(Required work): Write out, exactly and only, the lines that run from the top of the records to the line with "Convite Dourado de". Include both ends; exclude pictures.
== Entries shown
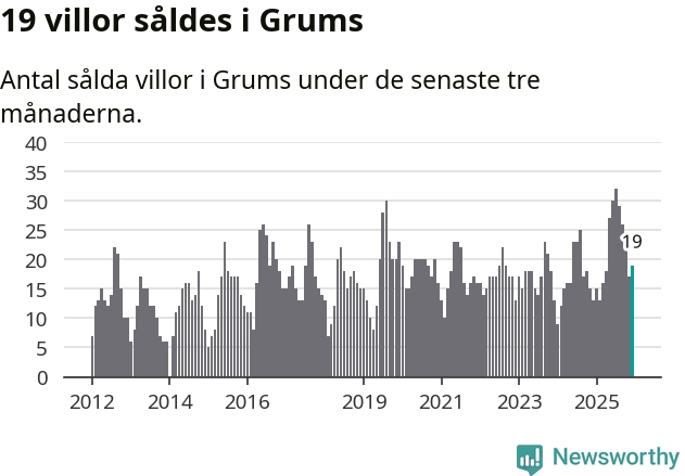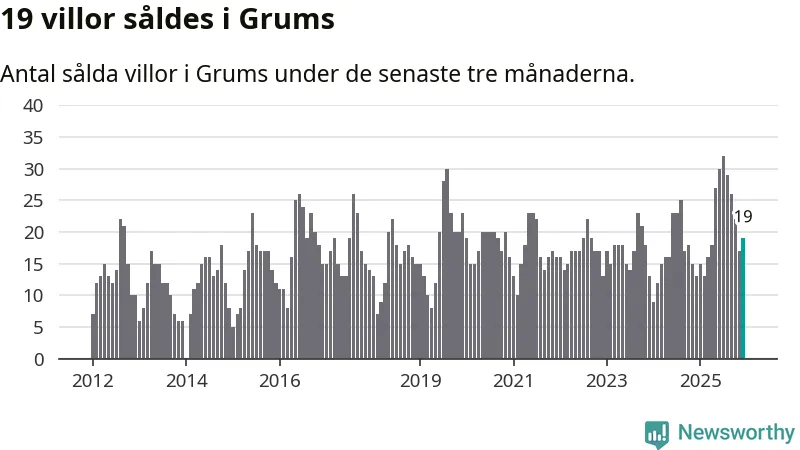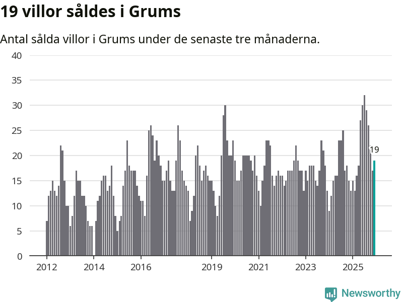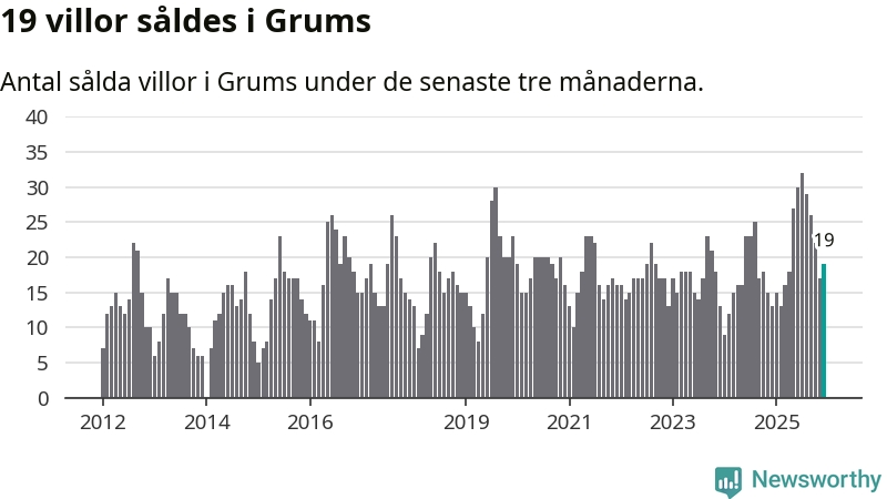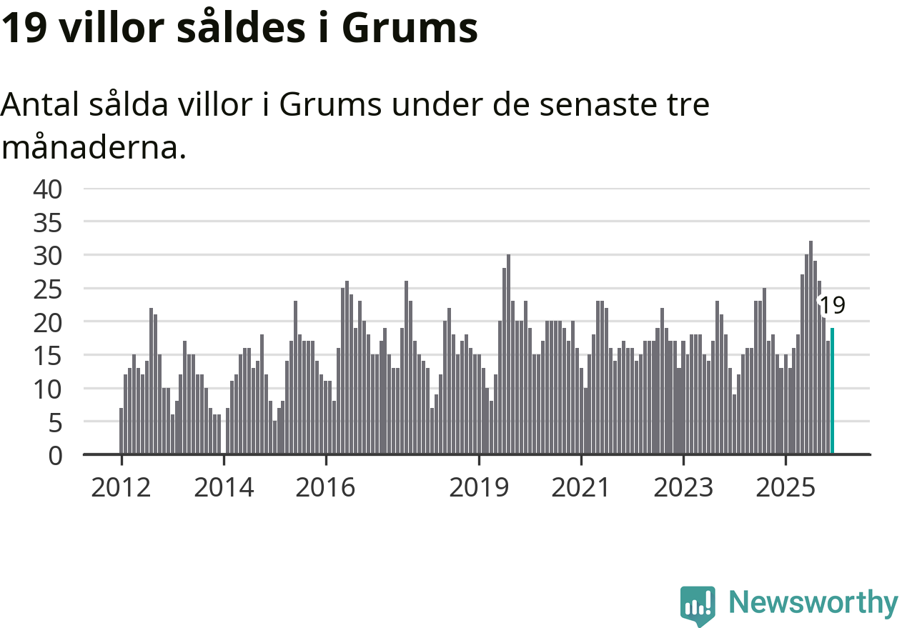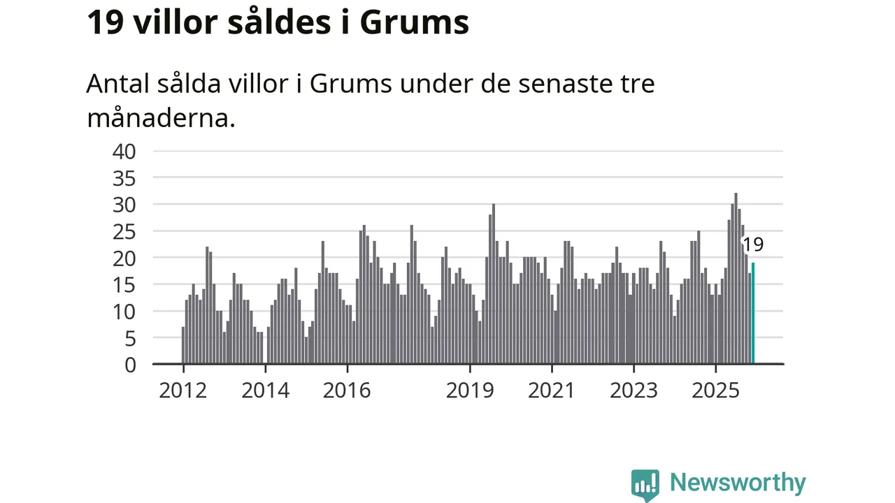 Mellan oktober och december gjordes sammanlagt 19 affärer med villor i Grums kommun. Det kan jämföras med 13 vid motsvarande tid i fjol.
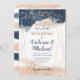 Convite Dourado de Casamento Azul-Cor-de-Rosa Azul
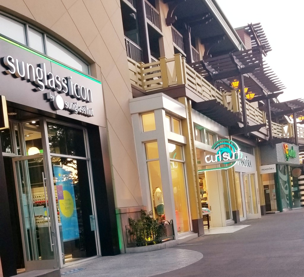 Asian Street Eats, Ballast Point Brewery and Kitchen, Black Tap Craft Burgers and Shakes, California Churro, California Sole, Curl Surf, Disney Home, Disney’s Pin Traders, Earl of Sandwich, Jamba, Kayla’s Cakes, La Brea Bakery, Marceline’s Confectionery, Naples Ristorante e Bar, PANDORA jewelry, Ralph Brennan’s Jazz Kitchen, Rinse Bath & Body Co., Salt & Straw, Sephora, Starbucks (2 locations), Sugarboo & Co., Sunglass Icon, The Disney Dress Shop, The LEGO Store, Tortilla Jo’s, Uva Bar and Cafe, Wetzel’s Pretzels, WonderGround Gallery, World of Disney.
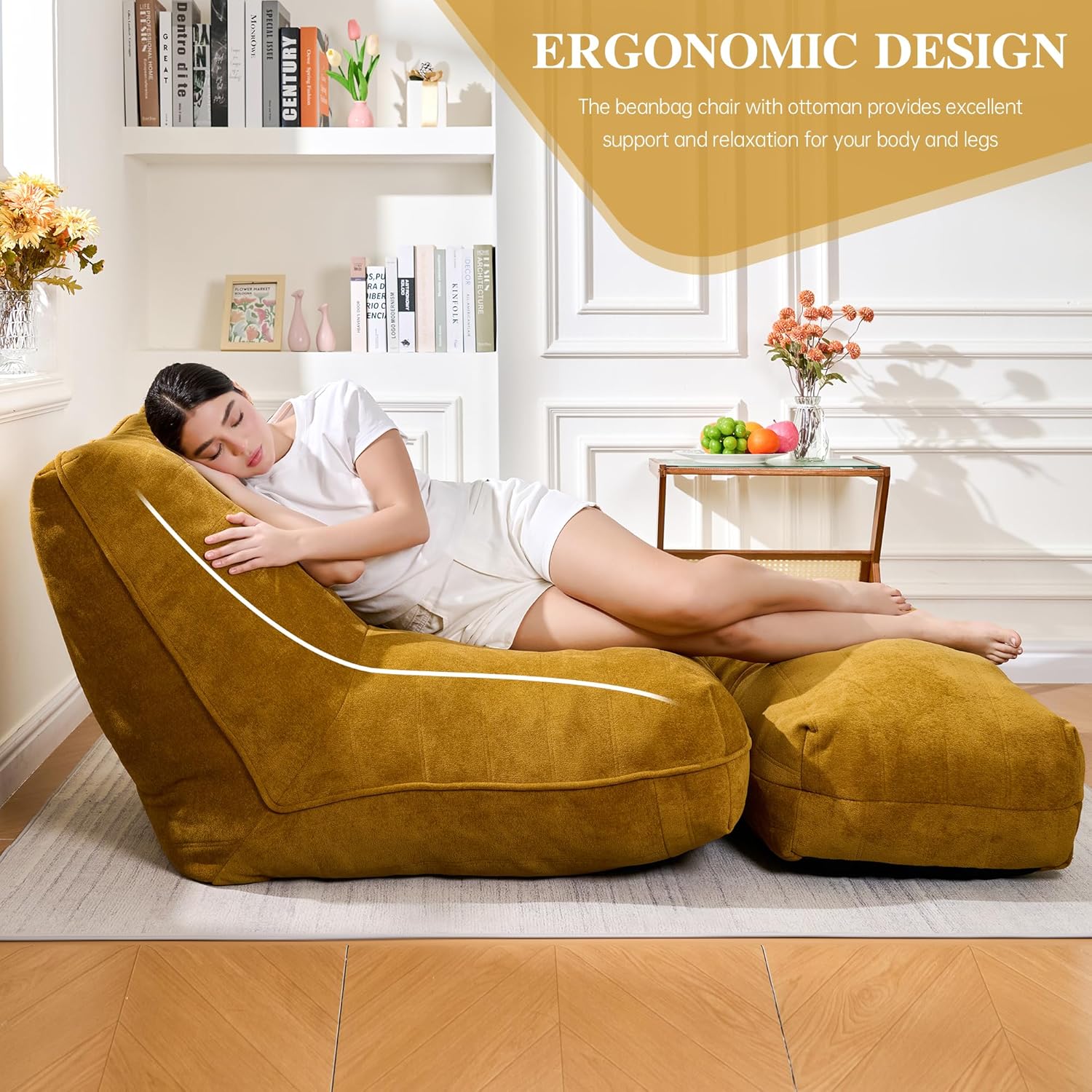 Bean Bag Chair with Ottoman, Comfy Bean Bag Sofa with Memory Foam, Lazy BeanBag Sofa with Footstool, Fireside Bean Bag Couch for Living Room, Bedroom, Apartment (Yellow)
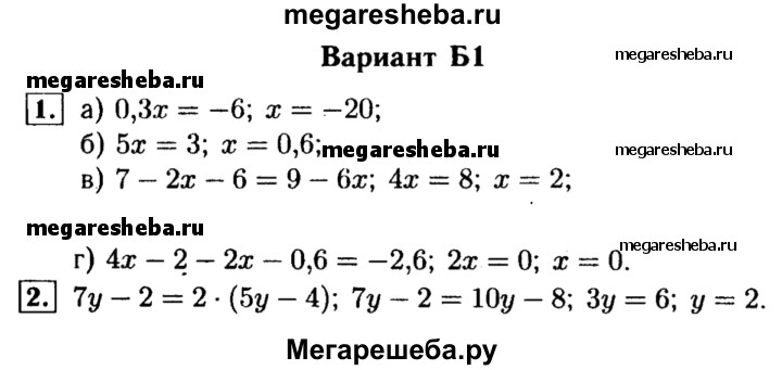 Вариант Б1 Решите уравнения: а) 0,3х + 8 = 2; б) 4 - х = 1 + 4х; в) 7 - 2(х + 3) = 9 - 6х; г) 4(х - 0,5) - 2(х + 0,3) = -2,6. При каком значении у значение выражения Ту - 2 больше значения выражения 5y - 4 в 2 раза?
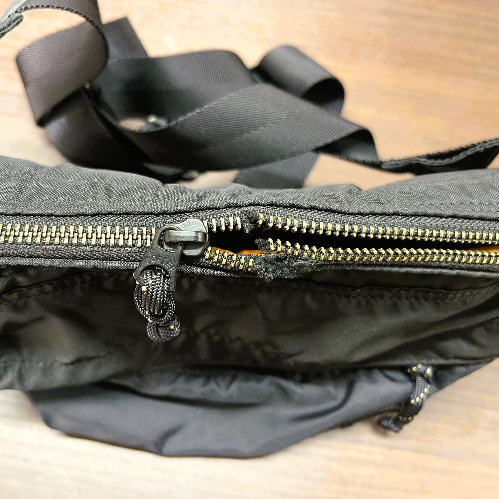ポーターのウエストバッグのメタルファスナーが破損し、開閉ができない状態でした。
====
(Written response):
 Mellan oktober och december gjordes sammanlagt 19 affärer med villor i Grums kommun. Det kan jämföras med 13 vid motsvarande tid i fjol.
 Convite Dourado de Casamento Azul-Cor-de-Rosa Azul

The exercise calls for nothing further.